If I try to burn a CD-R with cdrecord or k3b an error like "no media found" occures. Unfortunately I cannot post this error message because my tray has a DVD in and is blocked now.

I can mount medias without any problem.

Did my device broke down or what? Any ideas?

Thanks for any reply.

----------

## hoerbe

oh, here is my partial dmesg output...

 *Quote:*   

> 
> 
> ...
> 
> devfs_mk_dev: could not append to parent for vcc/a7
> ...

 

I'll recompile my kernel with "Use DMA only for disks" and will post any results...

----------

## russianpirate

i wouldnt do that cause cdroms with pio r very slow

btw if ur using 2.6, do not select scsi unless u need for something other than cdrom cause 2.6 has writing support in it

did you enable VFAT support in kernel?

also, make sure that nothing else is using the cdrom (vmware,..)

----------

## hoerbe

Thanks for your quick reply.

Yes, I'm using 2.6 and enabled VFAT.

Some Questions...

Why do I need VFAT for burning?

Can I burn DVD's without the scsi-emu? 

I need scsi-emu for external harddrives and usb-memory-sticks, right?

I've installed the gnome desktop for the first time. Gnome runs some processes I'm not familiar with and so I don't know if they are using my cdrom eg. dbus-daemon-1, udevd, hald, gnome-vfs-daemon. What about magicdev?

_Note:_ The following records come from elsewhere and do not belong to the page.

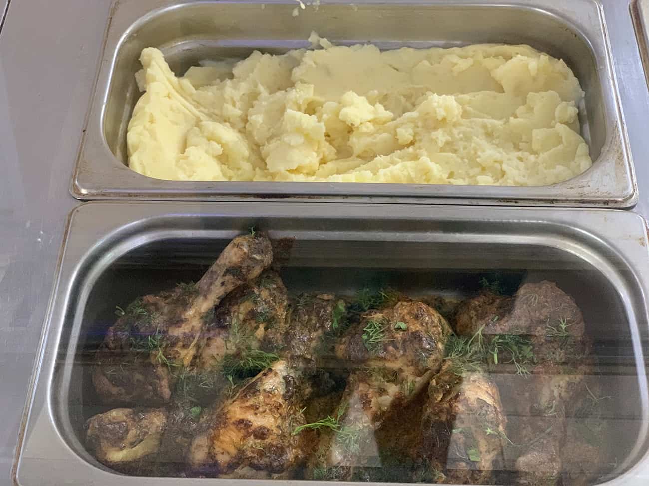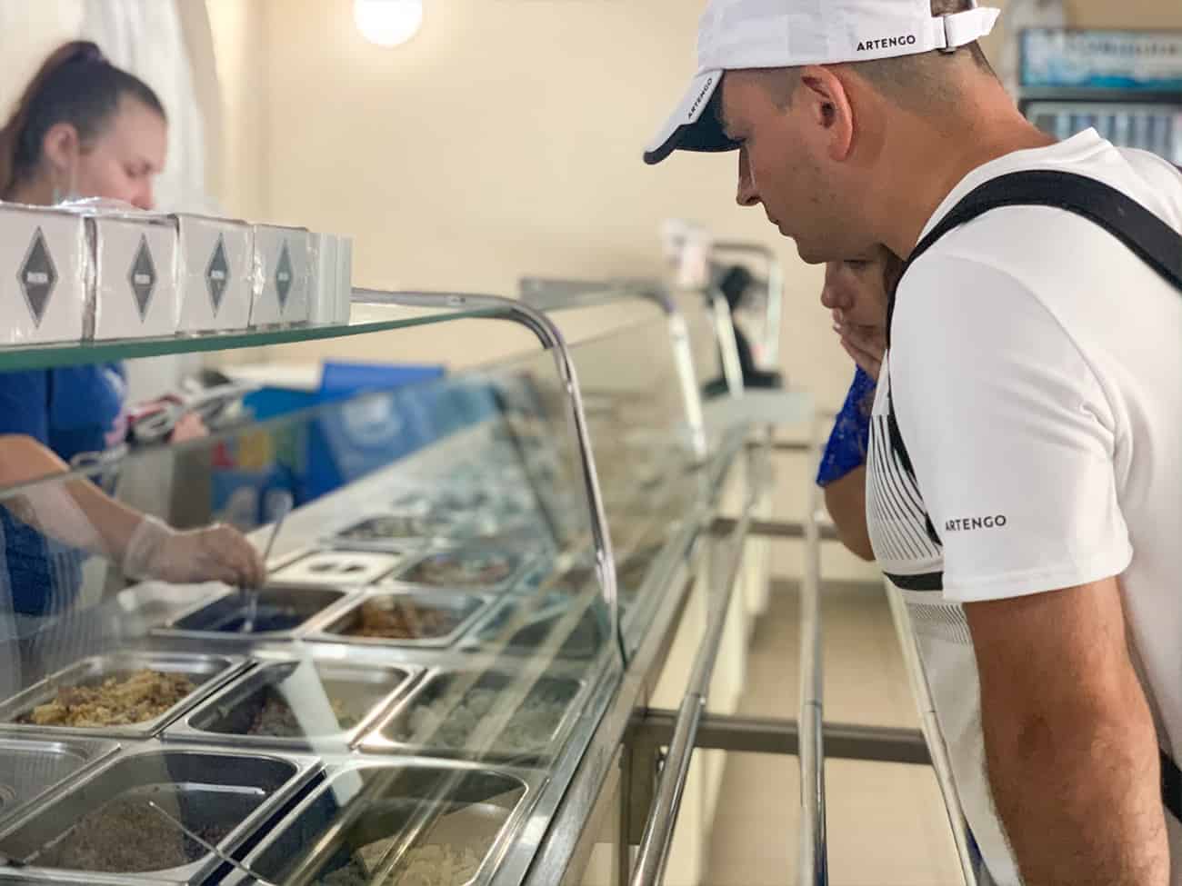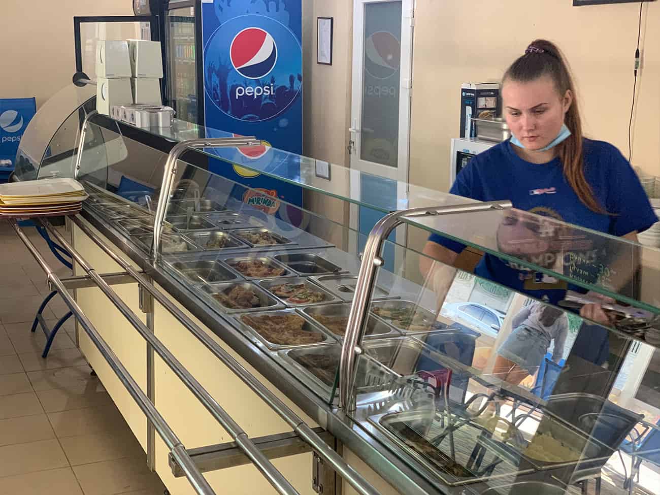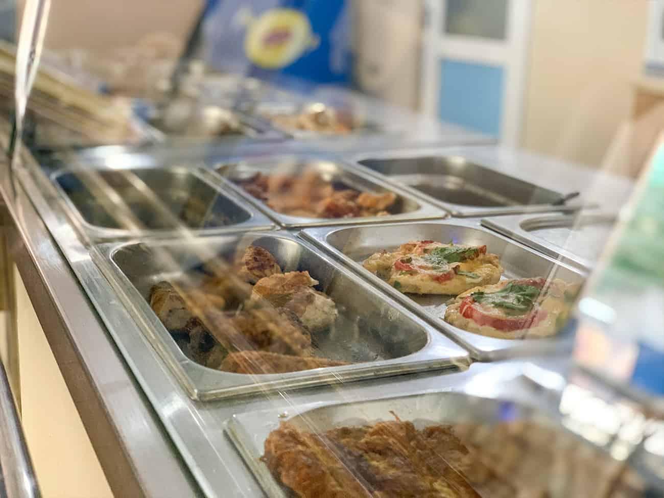 В кафе Домашняя кухня Самобранка в Коблево работает шведская линия раздачи. Само помещение небольшое, но в нем, безусловно, достаточно места для большого количества туристов. Оно поделено на две зоны. В одной вы заказываете еду и расплачиваетесь, а в другой — располагаетесь за столиками.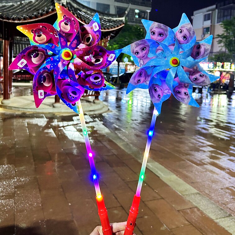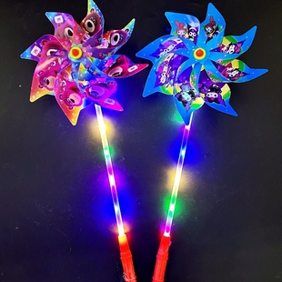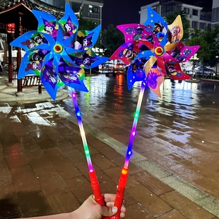 七彩卡通发光六轮风车儿童户外亲子玩具节日礼品地网红摆摊小商品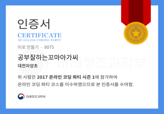 온라인 코딩 파티 참여하고 미션에 성공해 인증서를 받아보세요.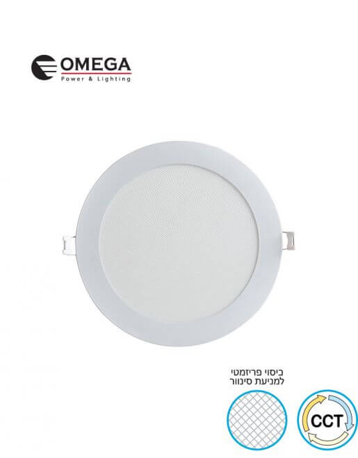 פנל לד שקוע תקרה דגם Classic, כולל כפתור CCT לבחירת גוון האור, כיסוי פריזמטי למניעת סינוור, דרייבר ללא ריצוד – flicker free, זמין במגוון מידות והספקים OMEGA, מידות קדח: ø280mm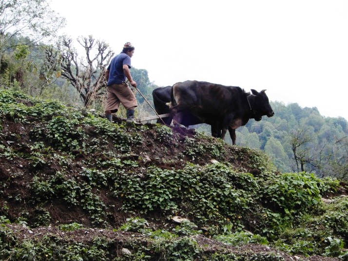 急がない。今日はビールとダルバートを注文して待つ。すぐ上の畑では珍しく牛に犂をつけ耕していたがこれから何を蒔くのかな。トウモロコシや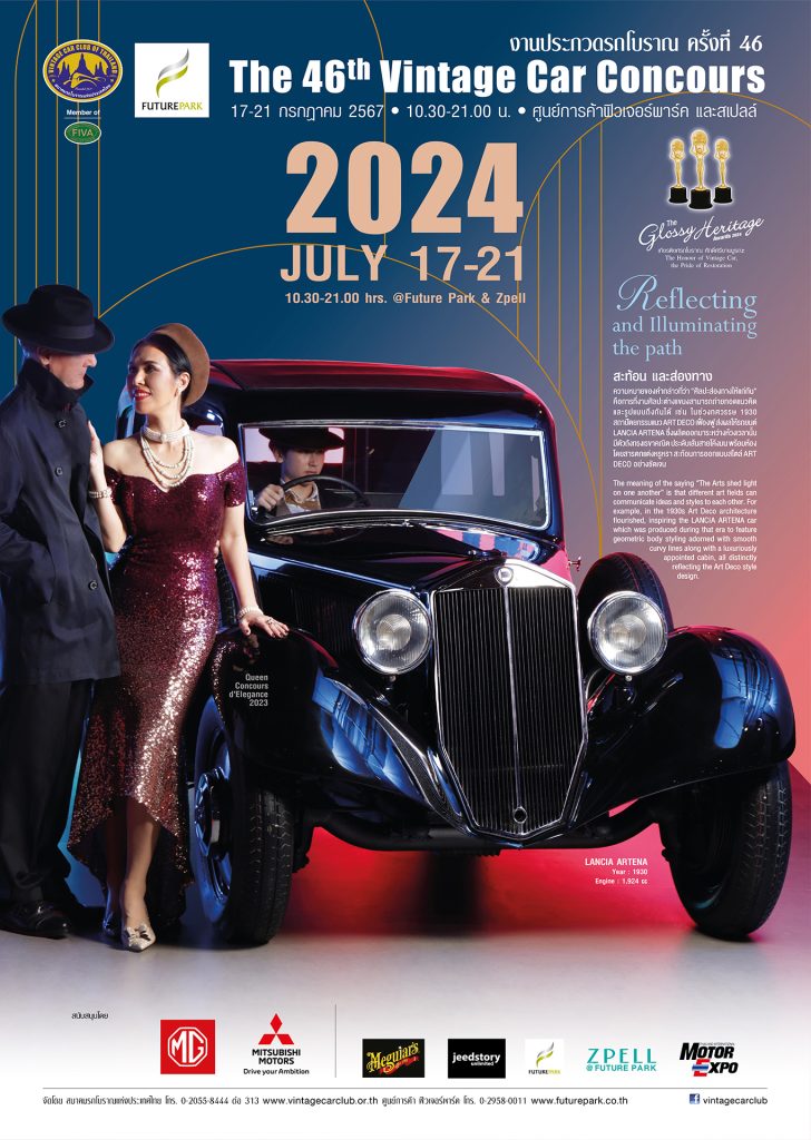 ขวัญชัย ปภัสร์พงษ์ นายกสมาคมรถโบราณแห่งประเทศไทย เปิดเผยว่า “งานประกวดรถโบราณ เป็นงานระดับประเทศที่จัดต่อเนื่องเป็นครั้งที่ 46 โดยแนวคิดของงานปีนี้คือ “สะท้อน และส่องทาง – Reflecting and llluminating the path” มาจากคำกล่าว “ศิลปะส่องทางให้แก่กัน” ซึ่งหมายความว่า ศิลปะต่างแขนงสามารถถ่ายทอดแนวคิด และรูปแบบถึงกันได้ เช่น ในช่วงทศวรรษ 1930 สถาปัตยกรรมแนว ART DECO เฟื่องฟู ส่งผลให้รถยนต์ LANCIA ARTENA ที่ผลิตออกมาช่วงนั้น ซึ่งเราเลือกใช้เป็นภาพโปสเตอร์ มีตัวถังทรงเรขาคณิต ประดับเส้นสายโค้งมน พร้อมห้องโดยสารตกแต่งหรูหรา สะท้อนการออกแบบสไตล์ ART DECO อย่างชัดเจน นอกจากนี้ รถโบราณคันอื่นๆ ก็มีการสะท้อน และส่องทางรูปแบบศิลปะในแต่ละยุคสมัยเช่นเดียวกัน”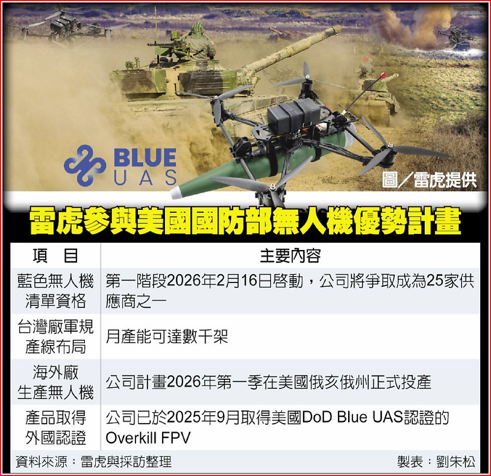 雷虎表示,公司已於2025年9月取得美國DoD Blue UAS認證的Overkill FPV,正是DDP計畫採購類別。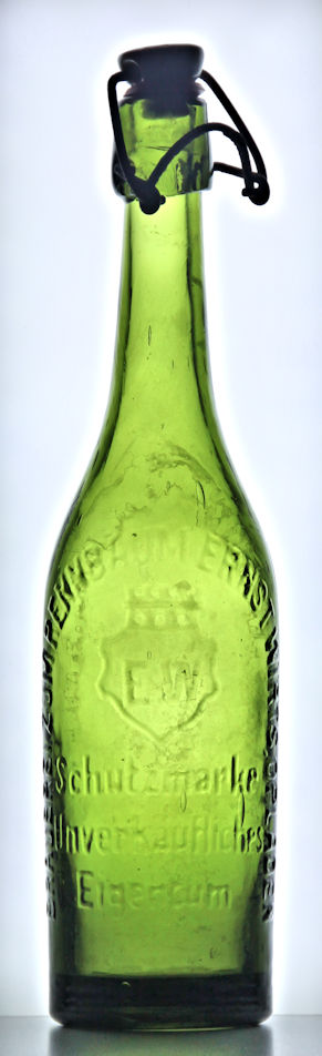 Bogen oben: "BRAUEREI ZUM RENNBAUM ERNST WIRTS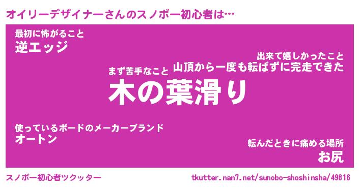 | 伝説のあだ名 | 『伝説のスナイパーオイリーデザイナー』 |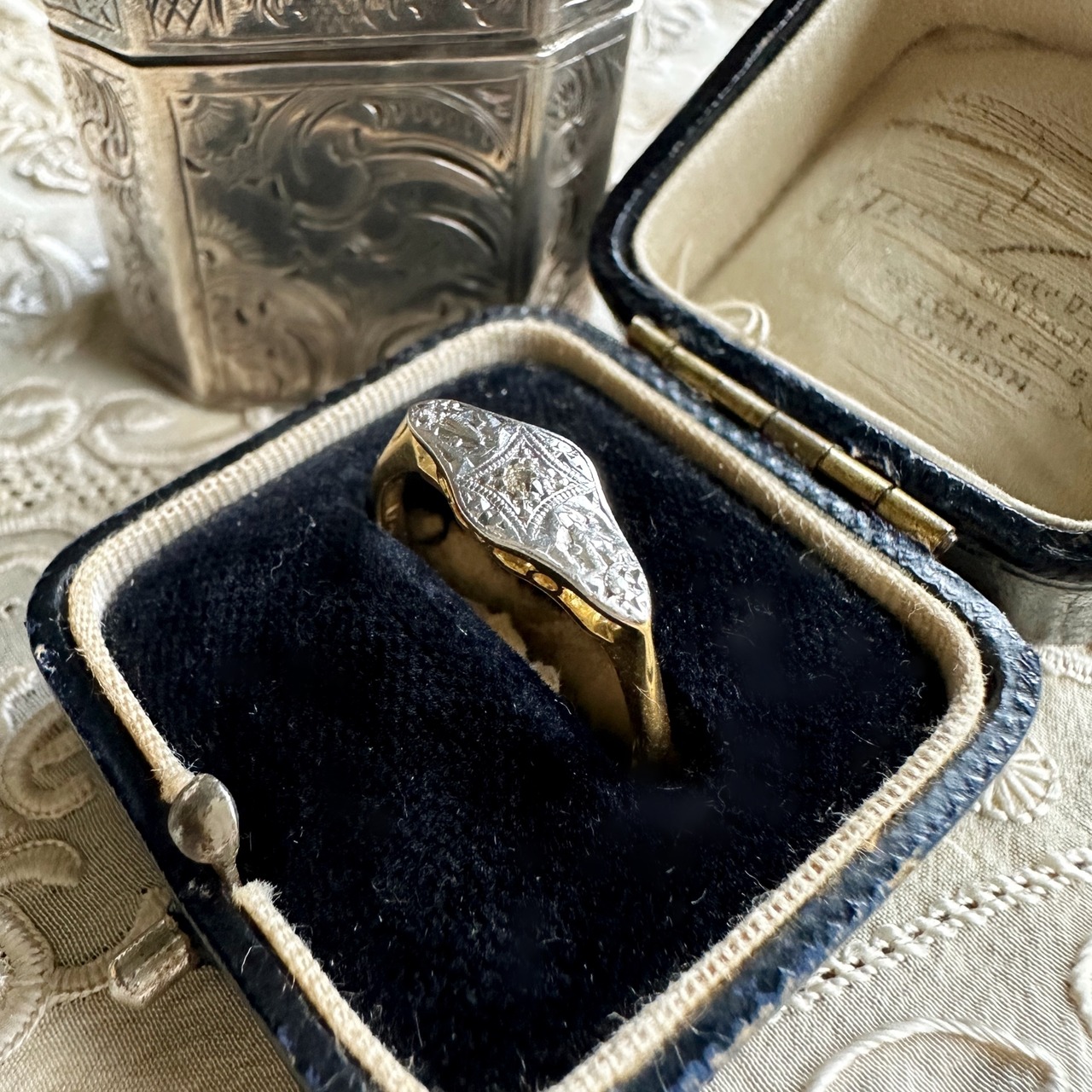 緩やかな曲線がフェミニンな菱形のプラチナフェイスに施された彫金が、まるで宝石のように輝き、手仕事の繊細さが見事に表れている美しいリングのご紹介です。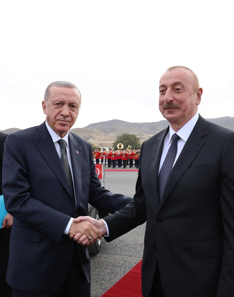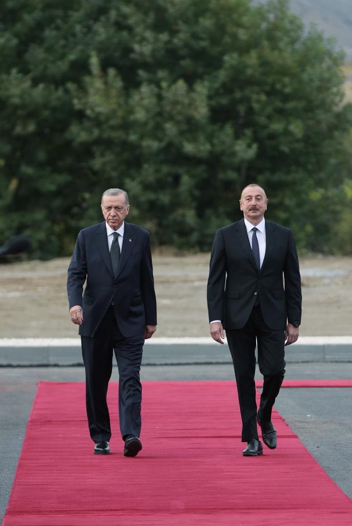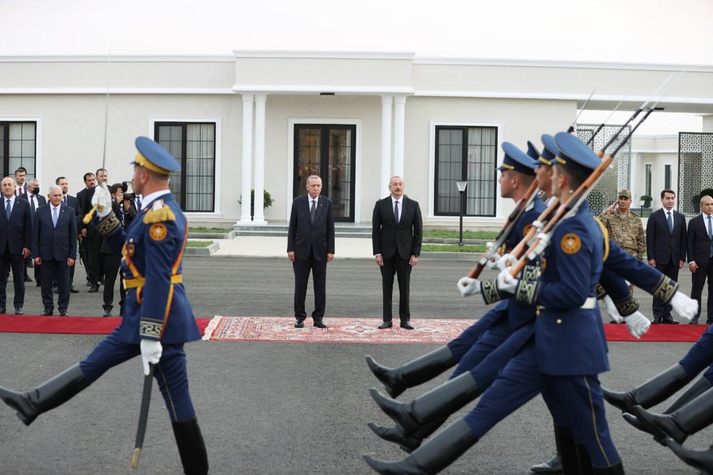 Cumhurbaşkanı Recep Tayyip Erdoğan, ziyarette bulunduğu Azerbaycan'ın Cebrayıl şehrinde, Cumhurbaşkanı İlham Aliyev tarafından resmî törenle karşılandı.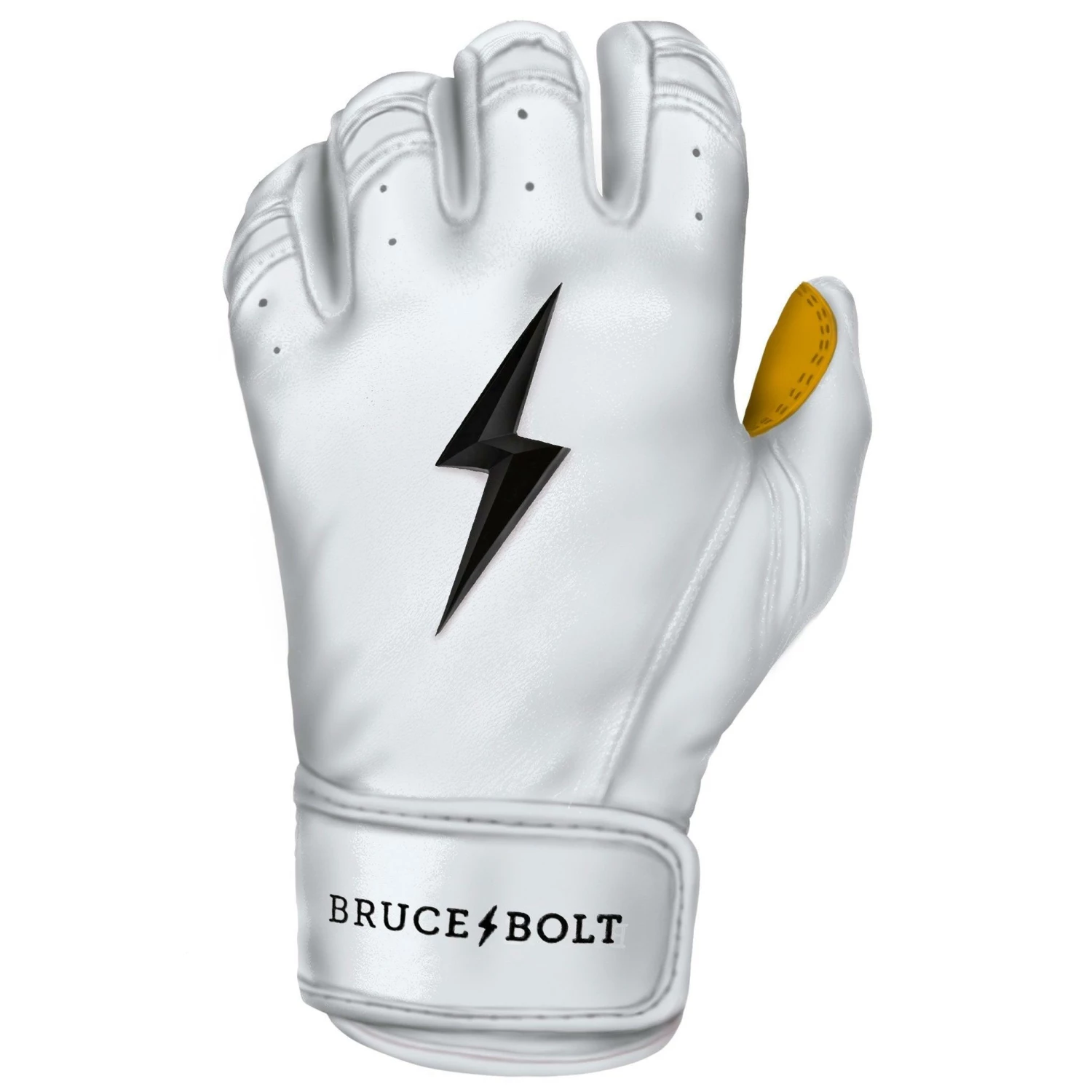 Each pair of BRUCE BOLT White batting gloves are handmade by skilled craftsmen using only the highest quality 0.9mm Cabretta leather and stitching techniques which makes Bruce Bolt gloves buttery soft but more durable than any other glove on the market.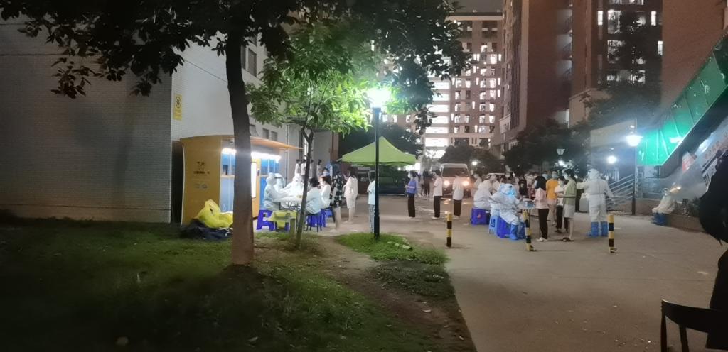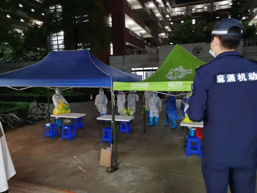 6月23日凌晨,东莞校区在校师生全员核酸检测,师生戴着口罩,有序参加,这是他们第三次核酸检测了。凌晨三点,有一位可爱的同学,也是一名班委,在我嘱咐她睡觉时,坚定地跟我说:“老师,我还不能睡,班委要等核酸结果出来的。”我哽咽了。。。。此时任何的言语都显得单薄。致敬身在抗疫一线的每一位师生。

I enabled "Use DMA only for disks" now and it works. If there is another solution I would be happy to hear about it. Burning uses 25-50% of my CPU capacity now...

----------

## cynric

I forget the exact reasoning, but with kernel 2.6 you do [should] not need scsi-emu for writing or for dvd/cdroms in general; not sure about harddrives, but I'm assuming the same goes.

----------

## Scratalacha

Yes, the 2.6 kernel has ellminated the need for SCSI-emulation for burning CD/DVD. However, if you wish to use usb thumb drives you need to enable generic SCSI support in your kernel.

Try using hdparm to change your drive to UDMA instead of PIO, it will make a huge difference.

----------

## hoerbe

OK - I switched back to dma. Anyway burning without dma does not work anymore. It only worked a couple of times?!?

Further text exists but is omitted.